The information passing problem is then solved by each component providing a list of all the modifiers it supports for a given format and usage. The compositor can then query all of the different components: display, its 3D driver, the client’s 3D driver, etc. and take the intersection of the lists to get the list of modifiers supported by everyone. If the set of components changes (such as the client going full-screen and the compositor deciding to scan out from the client image directly), the compositor can redo the query and come up with a new list of modifiers. This allows us to use Y-tiling or CCS when the client image is being composited using the 3D engine but then fall back to X-tiling or linear as soon as we need to use the image with a component that doesn’t understand Y-tiling or CCS.
Re-plumbing the Graphics Stack
Implementing this solution requires a lot of coordinated work across all the different components of the graphics stack. Each of the different components needs to know how to speak the new language of modifiers. Dozens of engineers from several different companies have worked together to make the necessary changes to all of the different components. Some of the notable changes are listed below.

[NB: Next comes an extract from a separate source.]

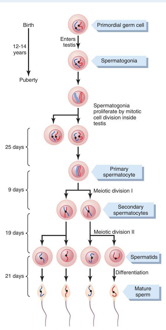During embryonic development, the primordial germ cells migrate to the testis, where they become spermatogonia. At puberty (usually 12 to 14 years after birth), the spermatogonia proliferate rapidly by mitosis. Some begin meiosis to become primary spermatocytes and continue through meiotic division I to become secondary spermatocytes. After completion of meiotic division II, the secondary spermatocytes produce spermatids, which differentiate to form spermatozoa.

- An interface has been added to KMS to query the modifiers supported by a particular plane configuration
- A modifier parameter has been added to the ioctl KMS provides to specify an image
- Various GBM interfaces have been added to support creating images and surfaces with modifiers
- A new Wayland protocol has been developed to pass images from client to compositor explicitly using modifiers
- The server side of the new Wayland protocol has been implemented in Weston and Mutter
- The DRI3 protocol for X11 has been extended to support modifiers
- The Mesa* EGL, GLX, and Vulkan WSI implementations have been updated to use the new X11 and Wayland protocols for modifiers
- A new EGL extension, EGL_EXT_image_dma_buf_import_modifiers was drafted
- Two new Vulkan extensions, VK_EXT_external_memory_dma_buf and VK_EXT_image_drm_format_modifier, have been drafted for creating, importing, and exporting images using modifiers
- EGL_EXT_image_dma_buf_import_modifiers was implemented in the Mesa EGL* and OpenGL* drivers for Intel graphics
- VK_EXT_external_memory_dma_buf and VK_EXT_image_drm_format_modifier have been implemented in the Mesa Vulkan* driver for Intel graphics
There may be some pieces missing from the list above but it should give some sense of the scope of the work being done. At the time of this post, much of the above work has landed in the respective projects or specifications but there are still a few bits that are in-flight.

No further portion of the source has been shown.